Amazon has confirmed laying off approximately 100 jobs within its devices and services division, as part of ongoing efforts to streamline operations. The reduction is part of a broader cost-cutting initiative that has seen the company lay off around 27,000 employees since early 2022, reported CNBC.

“As part of our ongoing work to make our teams and programmes operate more efficiently, and to better align with our product roadmap, we’ve made the difficult decision to eliminate a small number of roles,” said Amazon spokesperson Kristy Schmidt in a statement. “We don’t make these decisions lightly, and we’re committed to supporting affected employees through their transitions.”

The affected division includes different business segments, including Kindle, Alexa, Echo, Ring, and Zoox.
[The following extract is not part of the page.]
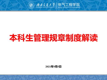 2021年9月5日19时,老王论坛 本科2021级在犀浦校区2号教学楼召开第一次年级大会解读《本科生管理规章制度》。本次年级大会在X2321教室和X2218教室同时进行,分别由本科2021级辅导员张异和谢东旭主讲,辅导员刘育阳、王晋瑄及2021级全体本科生参加会议。
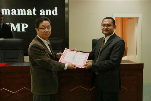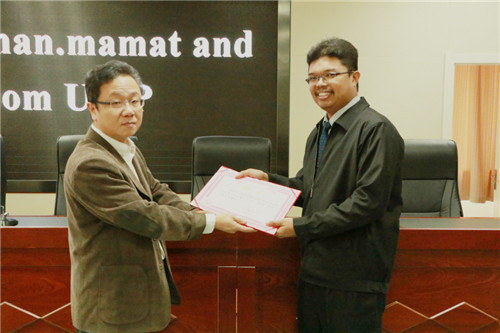 机械工程学院院长朱学军还为Rizalmat.Bin Mamat院长颁发了宁夏大学客座教授聘书,同时聘任Ruzaimi博士为机械工程学院“卓越工程师教育培养计划”海外指导教师。

However, Amazon did not specify which specific units were impacted by these cuts but confirmed that hiring continues within the division.

A spokesperson told Reuters, which first reported the job cuts, that the layoffs are part of Amazon’s regular business reviews. The company clarified that these represent a minor portion of the total workforce within the division.

Amazon CEO Andy Jassy has been actively pursuing cost-cutting measures across the organisation, resulting in significant workforce reductions since 2022. The devices and services division has been a recurring target for these layoffs over the past two years. In line with these efforts, the company has also aimed to simplify its corporate structure by reducing managerial layers, aiming for a 15% increase in the ratio of individual contributors to managers.

Tech sector sees continued workforce reductions

Besides Amazon, several other major technology companies have also been decreasing their employee numbers.

Microsoft recently announced its plan to lay off approximately 6,000 employees as part of a strategic organisational restructuring. This move will impact 3% of Microsoft’s global workforce, spanning various levels and departments. The tech major took this decision despite reporting strong financial results. In the quarter that ended on 31 March 2025, it reported an 18% year-on-year increase in net income to $25.8bn.

Previously, Siemens disclosed plans to cut 5,600 positions worldwide within its Digital Industries division. This decision is part of a strategic restructuring effort in response to changing market dynamics.

In February 2025, California-based design software firm Autodesk also revealed intentions to reduce its global workforce by 9% by laying off around 1,350 employees, as part of a strategy to optimise its go-to-market operations.